The line containing "Безразмерное кольцо для" and every line after it, through the end of the material: copy these exactly and nothing else, leaving pictures out.

COLLECTED MATERIAL Block Start

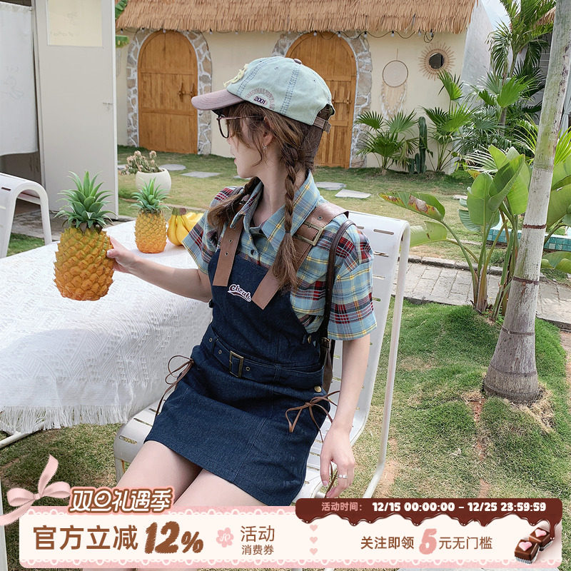 织物猪原创 复古学妹 美式学院风套装女格子衬衫+背带裙两件套
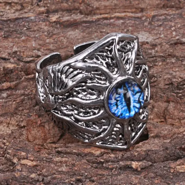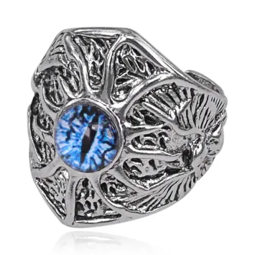 Безразмерное кольцо для ношения. Металл с покрытием под серебро и стеклянной вставкой. Дизайн в форме глаза.
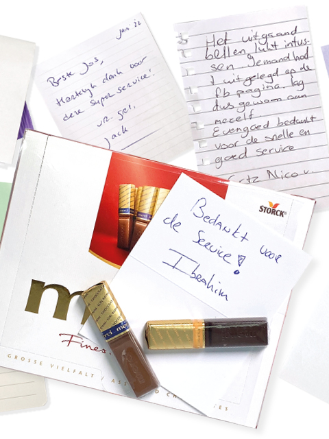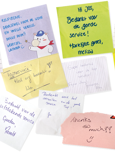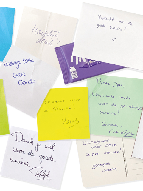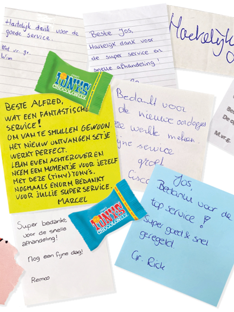 Een deel van de bedankkaartjes die we regelmatig binnenkrijgen. De achternamen van de afzenders hebben we verwijderd maar voor de rest zijn het de originele berichtjes, chocolaatjes, snoepjes, dropjes, repen en andere lekkernijen (de meeste waren echter al op voor de kaartjes naar de fotograaf gingen).

COLLECTED MATERIAL Block End

## OUTPUT FOR THIS TASK
 Безразмерное кольцо для ношения. Металл с покрытием под серебро и стеклянной вставкой. Дизайн в форме глаза.
 Een deel van de bedankkaartjes die we regelmatig binnenkrijgen. De achternamen van de afzenders hebben we verwijderd maar voor de rest zijn het de originele berichtjes, chocolaatjes, snoepjes, dropjes, repen en andere lekkernijen (de meeste waren echter al op voor de kaartjes naar de fotograaf gingen).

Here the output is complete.